EXERCISE –
An exact, complete printout of the listing is wanted, minus its images.

DATA BLOCK –
Start of Block

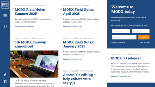 | AI-анализ | This online resource, modx.today, functions as a daily(-ish) online magazine dedicated to the MODX Content Management Platform. The website provides news, insights, and reviews about all things MODX. The description section indicates that the website offers a curated collection of MODX extras, updates, and tools. The homepage includes a search feature, links to social media platforms such as Twitter and Facebook, and a most read section. The website is authored by individuals named Jens Wittmann and Mark Hamstra, and there is an option for users to submit articles. The RSS feed is also available. The website's content covers topics such as MODX Snowup, MODX 3.1 release, and accessible editing using sa11y.js. |
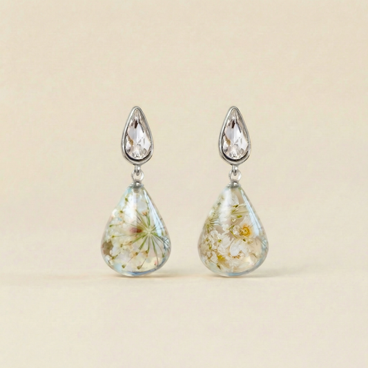 Orecchini Pendenti in Resina con Fiori Veri di Glixia bianca e Pizzo della regina Anna - RUGIADA, Acciaio Inox
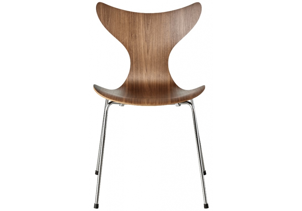 Lily designed by Arne Jacobsen for Fritz Hansen is a chair made with backrest and seat in natural walnut-colored wood veneer and chromed base.
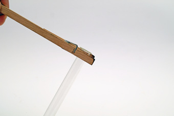 Das Foto gehört zur Serie "Experimente Chemie". Es veranschaulicht die Befestigung der Reagenzglasklammer unter dem Bördelrand vom Reagenzglas. Das Bild ist unter CC0 lizenziert und kann somit frei verwendet werden.

End of Block

EXERCISE ANSWER –
 | AI-анализ | This online resource, modx.today, functions as a daily(-ish) online magazine dedicated to the MODX Content Management Platform. The website provides news, insights, and reviews about all things MODX. The description section indicates that the website offers a curated collection of MODX extras, updates, and tools. The homepage includes a search feature, links to social media platforms such as Twitter and Facebook, and a most read section. The website is authored by individuals named Jens Wittmann and Mark Hamstra, and there is an option for users to submit articles. The RSS feed is also available. The website's content covers topics such as MODX Snowup, MODX 3.1 release, and accessible editing using sa11y.js. |
 Orecchini Pendenti in Resina con Fiori Veri di Glixia bianca e Pizzo della regina Anna - RUGIADA, Acciaio Inox
 Lily designed by Arne Jacobsen for Fritz Hansen is a chair made with backrest and seat in natural walnut-colored wood veneer and chromed base.
 Das Foto gehört zur Serie "Experimente Chemie". Es veranschaulicht die Befestigung der Reagenzglasklammer unter dem Bördelrand vom Reagenzglas. Das Bild ist unter CC0 lizenziert und kann somit frei verwendet werden.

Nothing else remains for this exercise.